Well a little over $100/month at vodafone rates, both uploads and downloads are charged, plus $20/Gb if you exceed your cap. But even allowing for that we aren't comparing apples with apples as if I understand what you said as your current connection includes a fixed line and the calls made over it.

@Shadow Minister: As 4G comes on line, and 5G in a few years, the capacity and cost difference between fixed and mobile will drop significantly.

So you keep saying.

- Never mind the fact that I pointed out 4G LTE as envisaged is currently vapour ware.

- Never mind that 4G LTE was meant to be available now, but they have given up on that and renamed 3G plus a few additional channel bonding techniques 4G in what I could only call a cynical marketing exercise.

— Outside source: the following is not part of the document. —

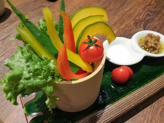 旬野菜のお造り仕立て 金山寺味噌ディップ ¥590
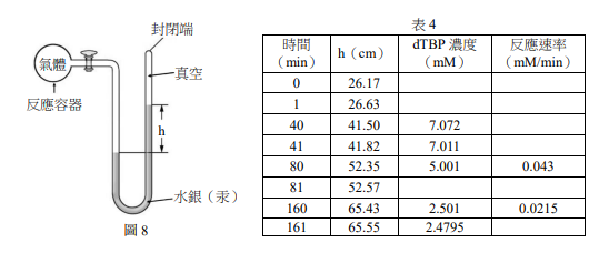 為了研究此一反應,小明在420 K下將一定量的dTBP氣體注入如圖8的反應容器中,並觀察水銀(汞)柱高度(h)隨時間的變化,紀錄如表4。小明也在表4中填寫了部分實驗數據分析的結果,但內容並不完整。假設容器中一開始只有dTBP且整個反應過程容器中只有式5所列之三種氣體存在,依據表4回答下列問題:(註:1.水銀壓力計內的體積變化可忽略不計,2.要寫出計算過程,否則不予計分)

What was to be 4G has been renamed to 5G.

- Never mind the fact that even if the grandest 5G plans of the wireless engineers come to fruition, a 802.16m wireless cell will only be capable of around 1G bit/sec in total, which they say can be shared by 200 users in a minimum envisaged cell size of 1Km radius. http://en.wikipedia.org/wiki/3GPP_Long_Term_Evolution#Comparison

- Never mind the fact that 1Km radius will cover more than 2000 homes.

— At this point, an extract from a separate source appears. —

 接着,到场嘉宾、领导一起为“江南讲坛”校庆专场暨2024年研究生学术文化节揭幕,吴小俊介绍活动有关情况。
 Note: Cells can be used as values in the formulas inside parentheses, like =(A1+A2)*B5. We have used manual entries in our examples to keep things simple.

- Never mind the fact that optimistic 1G bit/sec is less than 10th of what existing ADSL at 5 M bit/sec can carry to those 2000 homes now, which is conservative given at 1 km ADSL can carry 20 M bit/sec.

So, as I said above of your vision for wireless: IT. IS. IMPOSSIBLE. Physics forbids it. Of course you didn't believe me. Which is why I gave link to Ziggy Switkowski making essentially the same point. You think he might know a thing or two about mobile networks as he oversaw the building of one. Apparently you don't agree.